In battleground Wisconsin at her first campaign rally as the likely Democratic nominee for president, Vice President Kamala Harris on Tuesday sought to frame the rapidly transformed 2024 election as a fight for freedom. 

“Generations of Americans before us led the fight for freedom,” Harris told an energized crowd of more than 3,000 people in Milwaukee. “And now, Wisconsin, the baton is in our hands.” 


What You Need To Know

  • In battleground Wisconsin at her first campaign rally as the likely Democratic nominee for president, Vice President Kamala Harris on Tuesday sought to frame the rapidly transformed 2024 election as a fight for freedom.
  • Harris also leaned into the contrast between her background as a prosecutor and former President Donald Trump’s legal troubles and criticized him for Project 2025, a policy blueprint Trump has tried to distance himself from
  • The rally came just two days after President Joe Biden, in a sudden and stunning move, dropped his reelection bid less than four months before November’s contest and instead endorsed his vice president for the role 
  • The vice president came into the rally on Tuesday fresh off locking down enough support from Democratic delegates to be the party’s presidential pick – although she is not officially the nominee yet -- and the event had to be moved to a larger location due to the volume of RSVPs, a campaign official said 

The election, the vice president – who walked off the stage to “Freedom” by Beyoncé – told Wisconsin voters on Tuesday, was ultimately about a single question. 

“Do we want to live in a country of freedom, compassion and rule of law or a country of chaos, fear and hate?” she said. “And here’s the beauty of this moment – we each have the power to answer that question.”

“The power is with the people,” she emphasized. 

Harris noted she was fighting for the freedom to vote and to live safe from the “terror of gun violence” – by passing universal background checks, red flag laws and an assault weapons ban – as well as reproductive freedom. 

The vice president on Tuesday also sought to paint her campaign as centered on the future, arguing the Republican nominee, former President Donald Trump, was focused on the past. She said she “believed in a future” where no child grows up in poverty, workers have the right to join unions, everyone has access to affordable health care and paid family leave and every senior can “retire with dignity.” 

“So all of this is to say, building up the middle class will be a defining goal of my presidency,” she said. 

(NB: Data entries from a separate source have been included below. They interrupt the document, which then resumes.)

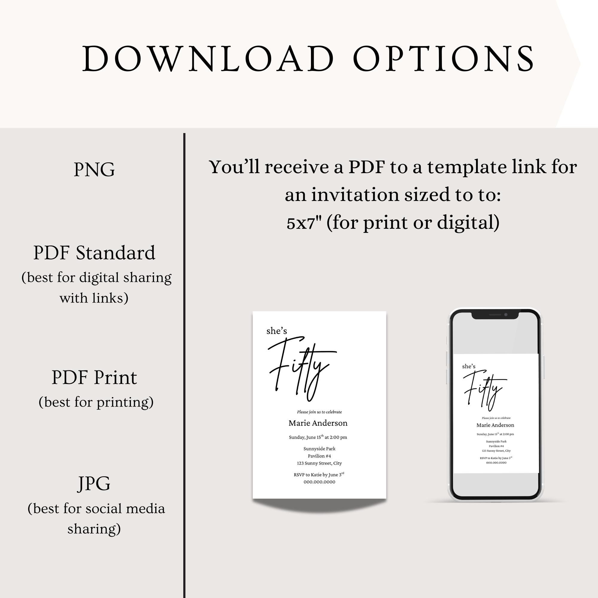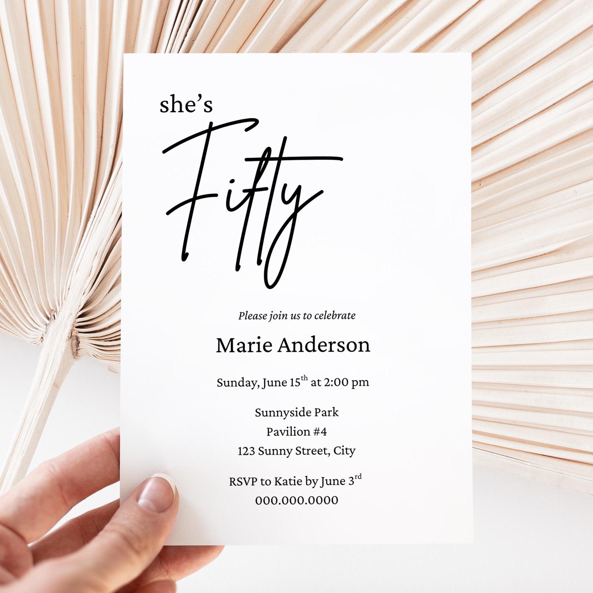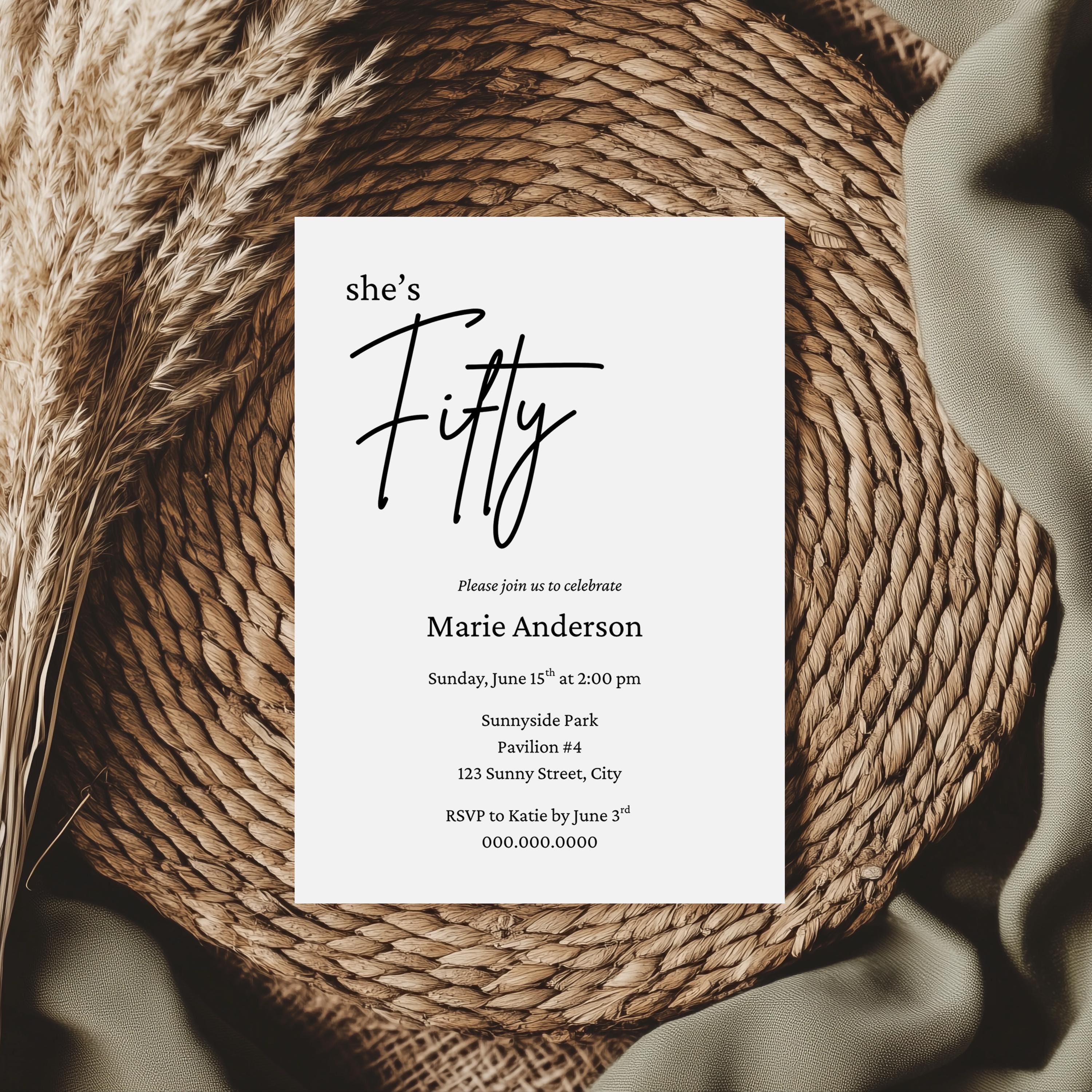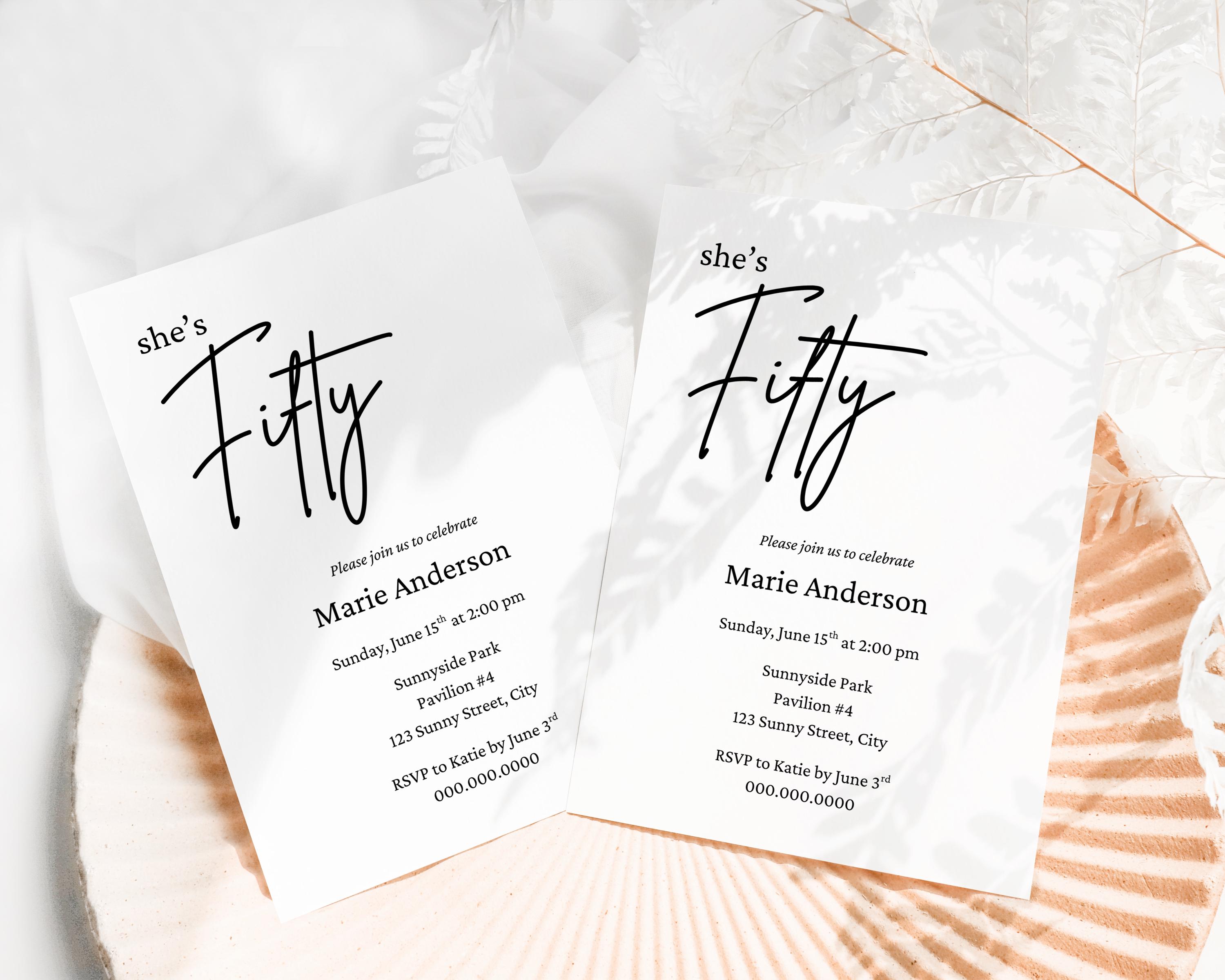 Celebrate the milestone of turning fifty with our beautifully designed downloadable invite for a 50th birthday party. Perfect for a dinner party or gathering, these invitations come in a minimalist black and white design that adds a touch of elegance to your fiftieth year celebration. With our editable template, you can easily customize the invites with your own details and colors, whether sending them via text message, email, evite or mail. Enjoy the convenience of instant download, allowing you to print at home and get your invitations out to friends and family in no time. This template is sized to 5x7 and comes with 9 editing tutorial videos.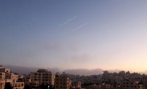 (250624) -- HEBRON, 24 junio, 2025 (Xinhua) -- Rastros de misiles son vistos desde la ciudad de Hebrón, en el...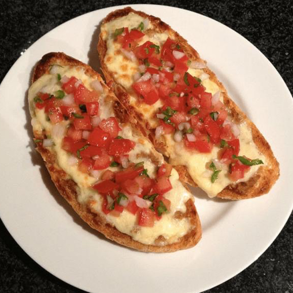 Orden de 2 molletes con mantequilla , frijoles,queso tomate y cebolla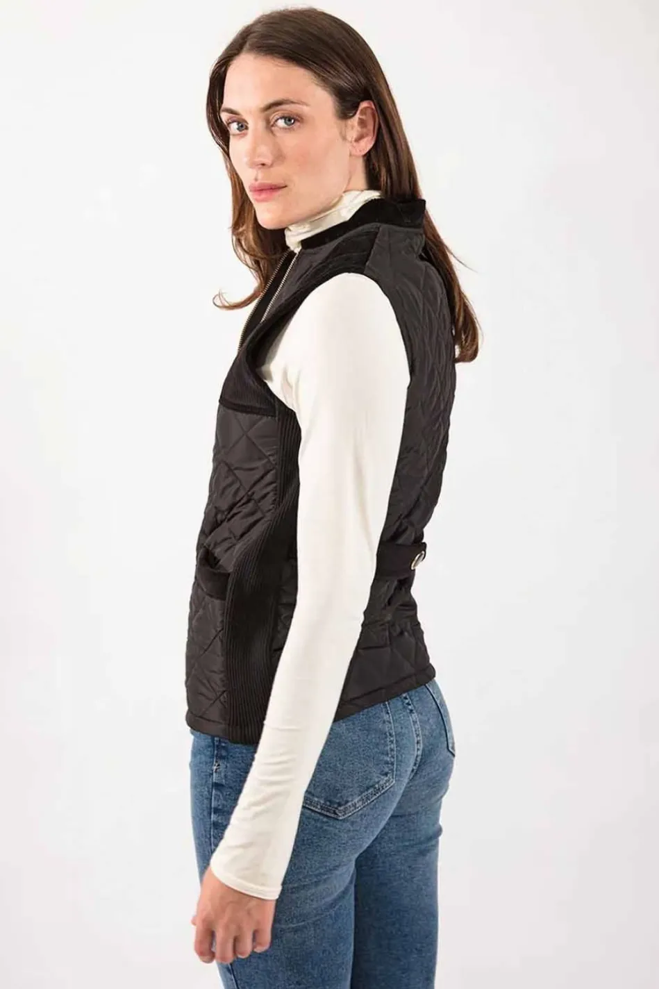 A Chic Update On The Classic Quilted Gilet By Troy London, With Gold Highlights In The Two-Way Zip, Neck Chain And Troy Branded Pocket Bar. Soft Cotton Corduroy Shoulder And Pocket Patches And Stretch Side Panels Provide Added Comfort And Soften The Sleek Quilted Exterior.
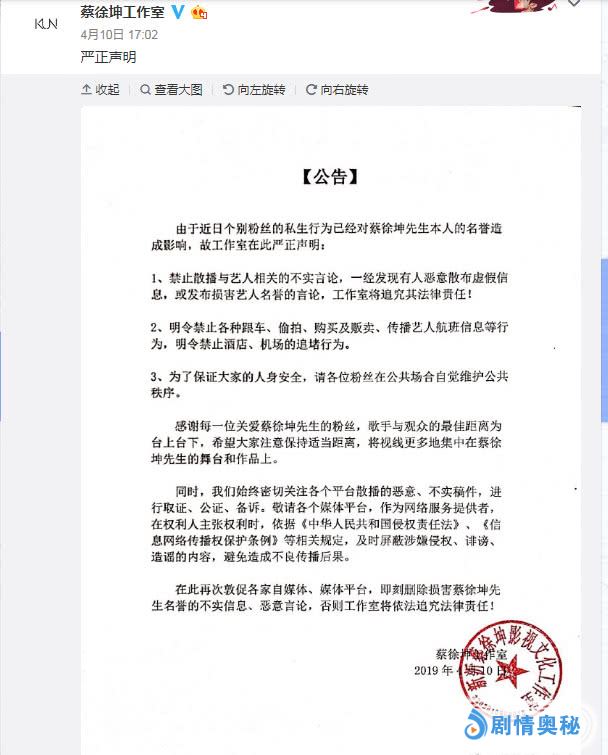 而最近一段时间关于蔡徐坤工作室却有很多的大动作啊,其中的一个矛头直指蔡徐坤曾经表示最爱的ikun们!针对有一些个粉丝们不理智的追星以及崇拜行为,导致了对蔡徐坤的个人名誉以及人身安全的影响,所以公开发文让ikun们保持理智,在追星的时候也要遵纪守法!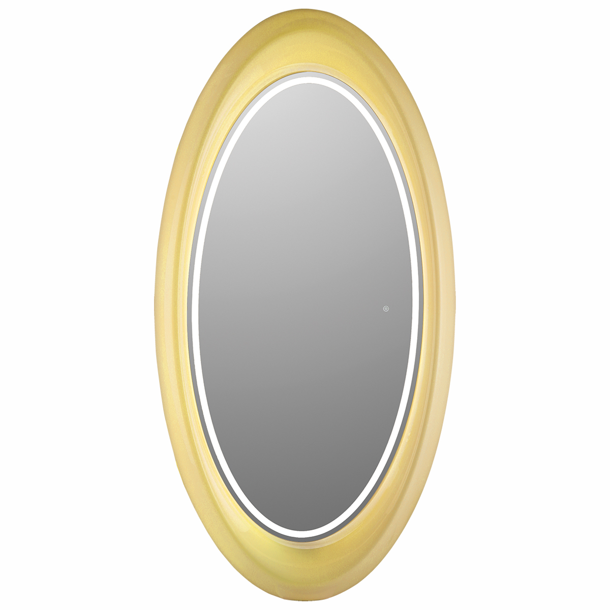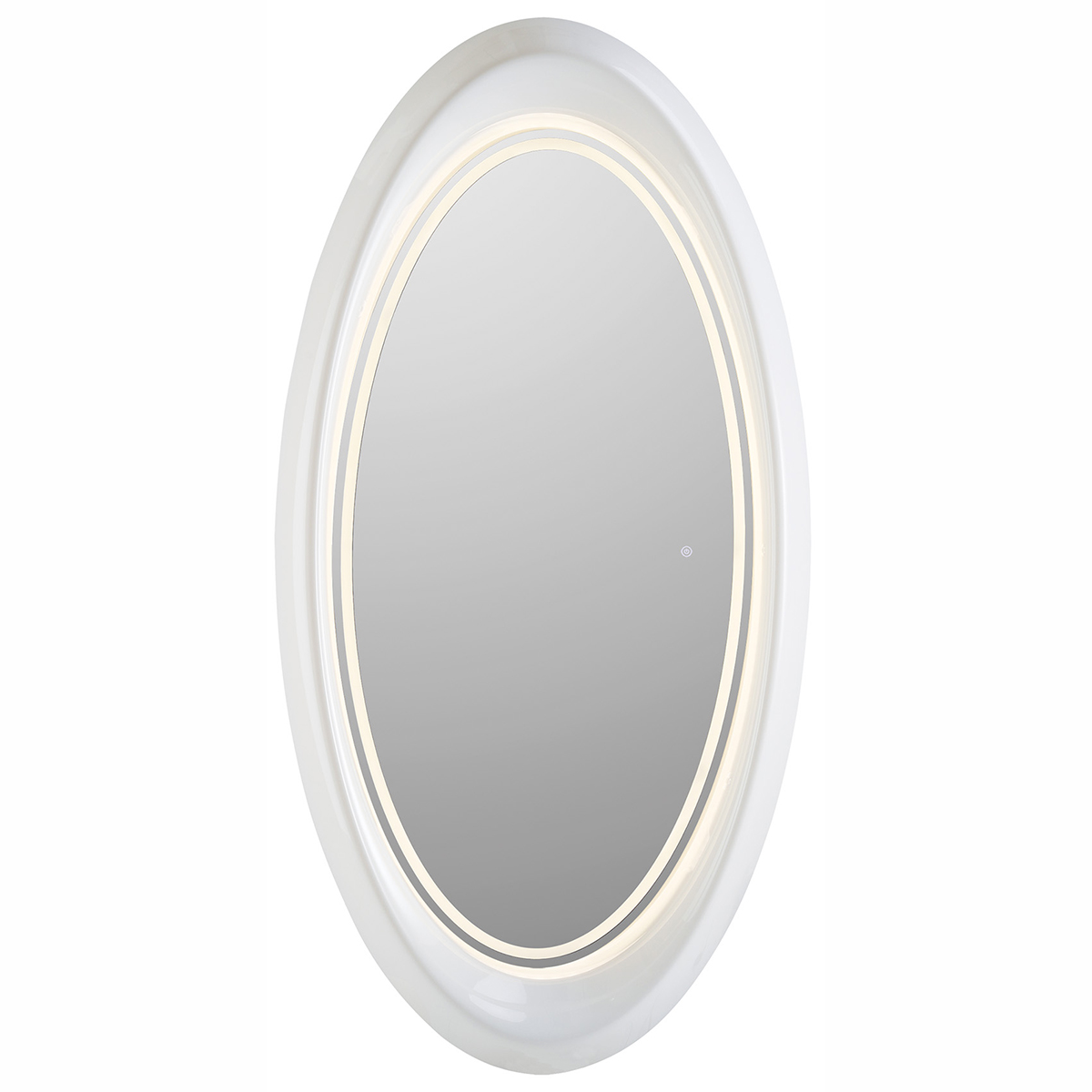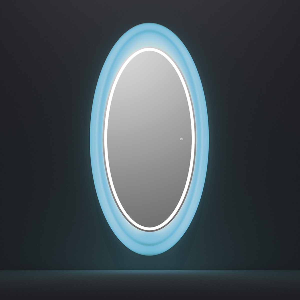 Зеркало парикмахерское одностороннее овальной формы. Зеркало оснащено светодиодной RGB LED подсветкой. Каркас выполнен из глянцевого пластика белого цвета. Крепление к стене.

Harris also leaned into the contrast between her background as a prosecutor and Trump’s legal troubles, including his conviction in May in his New York hush money trial, reiterating a line she debuted on the first full day of her campaign on Monday while addressing staff at their headquarters in Wilmington, Del.

“Before I was elected vice president, before I was elected a United States senator, I was elected attorney general of the state of California and I was a courtroom prosecutor before then,” she told the crowd Tuesday. “And in those roles, I took on perpetrators of all kinds – predators who abused women, fraudsters who ripped off consumers, cheaters who broke the rules for their own gain.” 

“So hear me when I say, I know Donald Trump’s type,” she said. 

The vice president also criticized Trump for Project 2025 – the right-wing policy platform curated by conservative think tank the Heritage Foundation and crafted by Trump allies and former aides that the Harris camp has vigorously tried to tie to Trump, even as the former president has sought to distance himself from it. 

“Like we know we got to take this seriously and can you believe they put that thing in writing?” the vice president asked the crowd Tuesday. 

The rally came just two days after President Joe Biden, in a sudden and stunning move, dropped his reelection bid less than four months before November’s contest and instead endorsed his vice president for the role. In the hours since, the Democratic party – which has been embroiled in controversy and division for weeks following Biden’s debate performance last month – has appeared to swiftly coalesce around Harris. 

The vice president came into the rally on Tuesday fresh off locking down enough support from Democratic delegates to be the party’s presidential pick – although she is not officially the nominee yet – and earlier in the day, got the backing of Senate Majority Leader Chuck Schumer, D-N.Y., and House Minority Leader Hakeem Jeffries, D-N.Y.

The event, which was already set to take place before Biden’s decision to drop on Sunday. had to be moved to a larger location due to the volume of RSVPs, a campaign official said. 

Between Sunday afternoon, when Biden made his announcement, and Monday evening, the campaign brought in more than $100 million and saw 58,000 people sign up to volunteer, an official on her team said. 

Harris was joined on Tuesday by Wisconsin Gov. Tony Evers, Sen. Tammy Baldwin, D-Wis., and a slew of other local Democratic Wisconsin officials.